La vista es insoportable, varios frascos dispuestos a lo largo de los estantes, cada uno albergando un órgano diferente, sostenido por hierro y sumergido en una mezcla efervescente de alcohol y sangre. La mayoría son corazones, pero algunos tienen otros órganos, extrañas adiciones que los hacen aún más siniestros. Yoriichi no puede evitar sentir una arcada subiendo por su garganta, la bilis amenazando con derramarse fuera de sus labios. Recuperándose lo mejor que puede, inspecciona los frascos, tratando de encontrar alguna explicación para semejante cosa.

Los corazones se han estado fermentando en sus propios jugos, la putrefacción visible y el olor repugnante. También es capaz de vislumbrar dedos amputados, lenguas cortadas y ojos que parecen estar fijados en él de forma directa. Aquello es tan terrible que incluso a Yoriichi le cuesta trabajo contener el impulso de vomitar de nuevo.

De repente, su oído capta un gruñido bajo acompañado de sonidos húmedos y crujidos de huesos. Intrigado, voltea para encontrarse con una criatura similar al lobo al que había derrotado antes.

La bestia está ensangrentada, en parte por el hombre que yace debajo de ella, con el pecho desgarrado y la garganta desollada. El hombre en cuestión es el mismo que había estado sentado en una silla de ruedas, cuyos ojos estaban cubiertos con un trapo ajado. La sangre que cubre al monstruo y el resto del suelo pertenece en gran parte a él, con sus brazos y pecho destrozado en profundidad, con la carne en tiras irregulares, como si hubieran sido atravesados en lugar de cortados por un cuchillo afilado. Mientras el lobo se cierne sobre el cadáver reciente, sus ojos se posan en Yoriichi, absolutamente hambrientos ante la posibilidad de obtener una nueva presa. Con secciones de su cuerpo cubiertas de sangre y algunos cortes aún frescos, la criatura muestra una ferocidad que parece provenir del mismo infierno.
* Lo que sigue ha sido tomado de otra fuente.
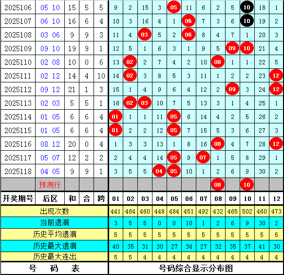 上期回顾:体彩大乐透第2025118期开出号码:02 08 09 12 21 + 04 05,其中前区奖号尾数奇偶比为2:3,大小比为2:3,012路比为1:1:3,大中小比为2:0:3,后区奖号尾数奇偶比为1:1,大小比为1:1。
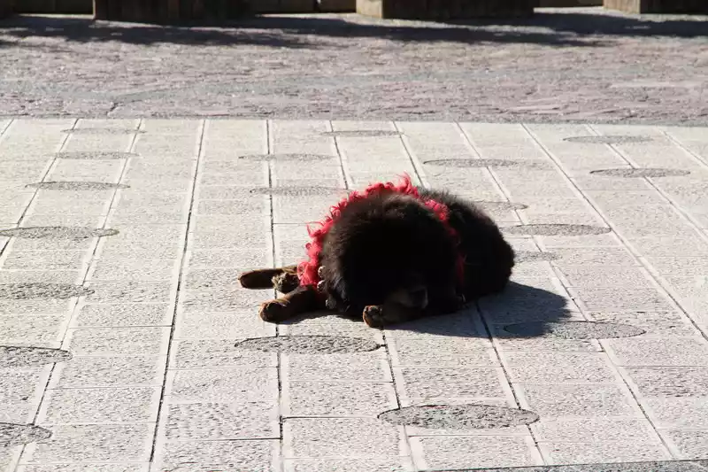 Tibetan mastiff was lazily crawling in the sun in the square, although it looked docile, but no one dared to step forward to tease it.
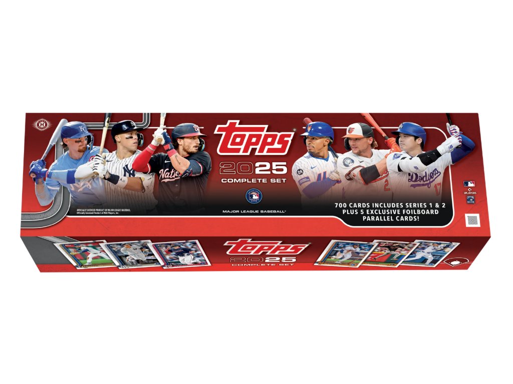2025 Topps Complete Sets Baseball – Hobby Box obsahuje všetkých 700 kariet zo Series 1 a 2 plus troch SP nováčikov.
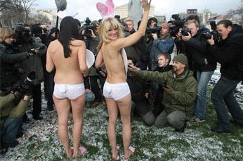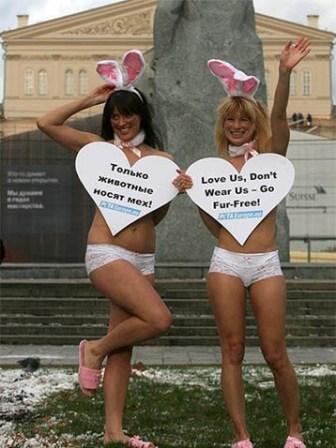 尽管莫斯科室外天气已经是冰雪寒天,但是善待动物组织成员打扮成兔女郎的形象,高举“爱我们,不要穿皮草”的标语,站在寒冷的莫斯科市区,摆出各种姿势让记者拍摄和接受采访。

Sin embargo, a pesar de no tener su katana a mano y sentirse extremadamente débil, con un cuerpo magullado y dolorido, Yoriichi no vacila ni por un instante, clavando sus pies en el suelo y cargando hacia la criatura, asestándole un golpe con los puños enguantados, escuchando un crujido repugnante al tiempo que evade sus garras con una agilidad sobrenatural. La necesidad de proteger a aquellos indefensos, incluso si ya es demasiado tarde, lo empuja a seguir adelante hasta la última consecuencia.
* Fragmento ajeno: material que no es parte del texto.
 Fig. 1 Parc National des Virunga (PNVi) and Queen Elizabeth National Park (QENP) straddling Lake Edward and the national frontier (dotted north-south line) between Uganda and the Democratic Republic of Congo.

Sus pensamientos son cortados por una súbita preocupación que lo invade: ¿dónde estará Iosefka? La incertidumbre lo embarga y, en un rápido movimiento, esquivando sus embestidas y anticipando sus ataques, Yoriichi siente el cansancio mientras se desplaza a la velocidad del rayo.

Los gruñidos del lobo resuenan y eventualmente ambos atraviesan la puerta, astillándola por completo y topándose con un cementerio familiar. Él jadea, intentando mantener a raya las garras de la criatura, sintiendo la saliva gotear sobre su rostro.

Vamos, buen cazador. Esto no es nada para ti...

Con un rugido feroz, el monstruo se retuerce de furia cuando Yoriichi le sujeta inesperadamente la garganta con un brazo y su otra mano se hunde en su espalda, los dedos deslizándose a través de los músculos y enroscándose en la columna vertebral. La criatura aulla de dolor, presa de la mortalidad que se cierne sobre su destino y, con un crujido áspero, la columna vertebral es arrancada abruptamente, propiciando un chorro de sangre viscosa que le mancha las ropas. Sus patas traseras se aflojan y se derrumban bajo el peso insoportable de la muerte, su dolor difundido por el cementerio como un eco desesperado, un clamor a los dioses oscuros que nunca responden.

-&-

El cazador jadea mientras lucha por levantarse del cuerpo ensangrentado del lobo. Su rostro y ropa están empapados en sangre, mientras sus manos aún tiemblan con la adrenalina del enfrentamiento que ha tenido lugar. Con ojos ilegibles, estudia la forma destrozada de la criatura antes de alzar la vista hacia su entorno. A su alrededor, los terrenos del cementerio están desolados y oscuros, con tumbas de ángulos extraños y vallas de hierro oxidado flanqueando el ambiente. Un edificio de piedra se encuentra al final de un camino corto, una masa oscura en la penumbra de la noche. Además, yace bajo la sombra de un árbol gigante, cuyas ramas se extienden por encima de su cabeza, creando un juego de luz y sombra irregular sobre el suelo.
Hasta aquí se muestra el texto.